Capture d’écran 2017-05-08 à 22.23.05

      By Pinar Ozbay

Surabhi Sood

Surabhi Sood

Among the Editor’s picks for May comes a paper from the Center for Advanced Imaging at the University of Queensland, Australia. In their work, entitled ‘Echo Time-Dependent Quantitative Susceptibility Mapping Contains Information on Tissue Properties’, Surabhi Sood and Viktor Vegh used a 3-compartment model to explore the echo time dependence of Quantitative Susceptibility Mapping and how this trend is varying in different regions of the brain. We conducted this Skype interview on a Tuesday evening Eastern time, while Viktor Vegh and Surabhi Sood were having their Wednesday morning coffee.

Pinar: How did you get into the field of MRI?

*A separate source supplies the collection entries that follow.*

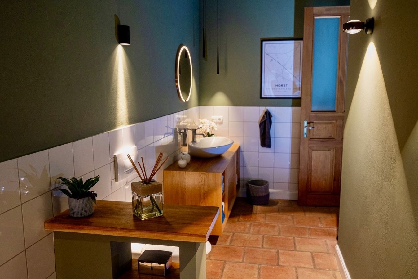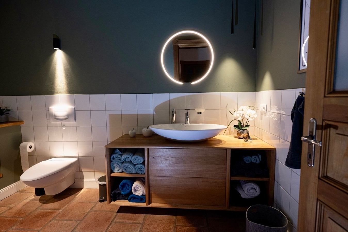 – modernes Duschbad sowie zusätzliches Vollbad mit Eckbadewanne, Holzwaschtisch und Occhio-Elementen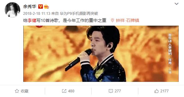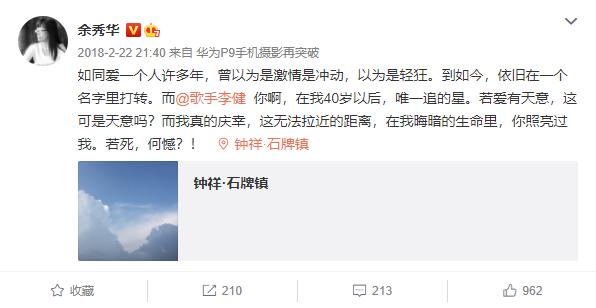 起因是她發了壹條示愛李健的微博:
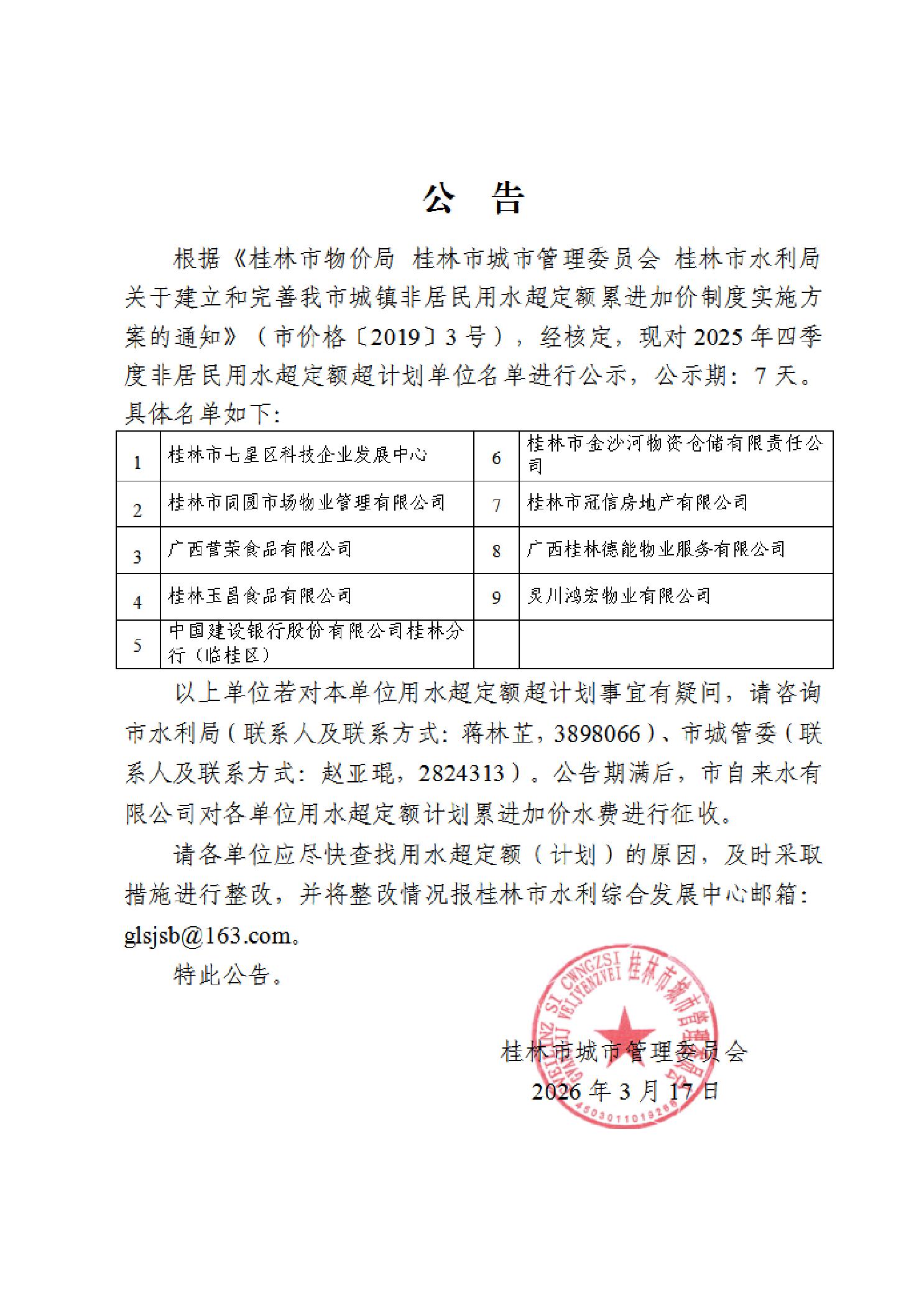 公告(2025年四季度非居民用水超定额超计划单位名单)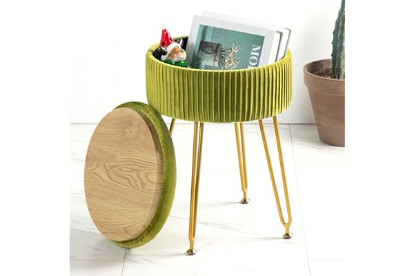 Vanity Stool with Gold Legs,18” Height, Small Storage Ottoman Foot Ottoman Rest for Living Room, Bathroom, Green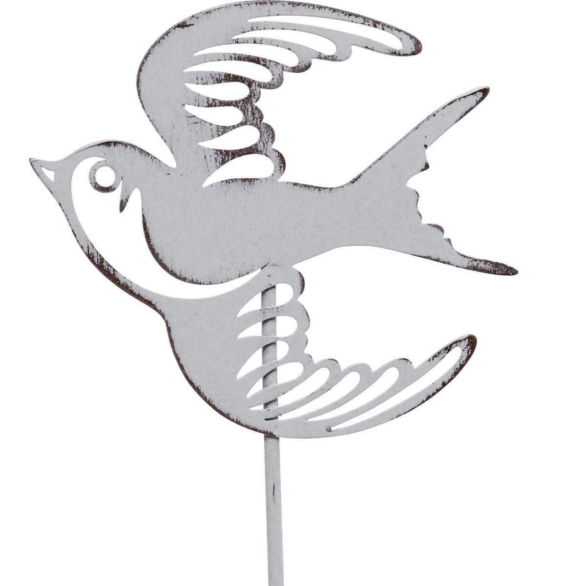 Dekorácia lastovička, dekorácia na stenu z kovu, vtáčiky na zavesenie biela, strieborná shabby chic V47,5 cm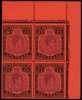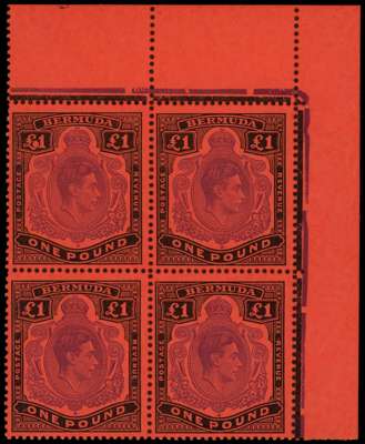 1951 £1 violet and black on scarlet paper, perf 13. Top right corner block of four, FF11 damaged left value tablet ('White Island'), very fine o.g. (lightly hinged). Rare in a positional multiple. SG 121da, £4500

Surabhi: When I decided to do my MSc, I was browsing through websites, and ran across the Center for Advanced Imaging. Then I had a word with Viktor and found his suggestions very interesting. That’s how I started my MSc and continued with a PhD.

Viktor Vegh

Viktor Vegh

Viktor: Well, my path was not that simple. I did my PhD in applied mathematics in microwave heating. After my PhD I lectured at another university, then I decided to do a postdoc, and looking around my neighborhood I found the Center for Magnetic Resonance, led by David Doddrell. One colleague advised me to give everything up and try this, so I did and started with MR instrumentation.

Pinar: Could you give us some information on QSM, and temporal QSM in particular?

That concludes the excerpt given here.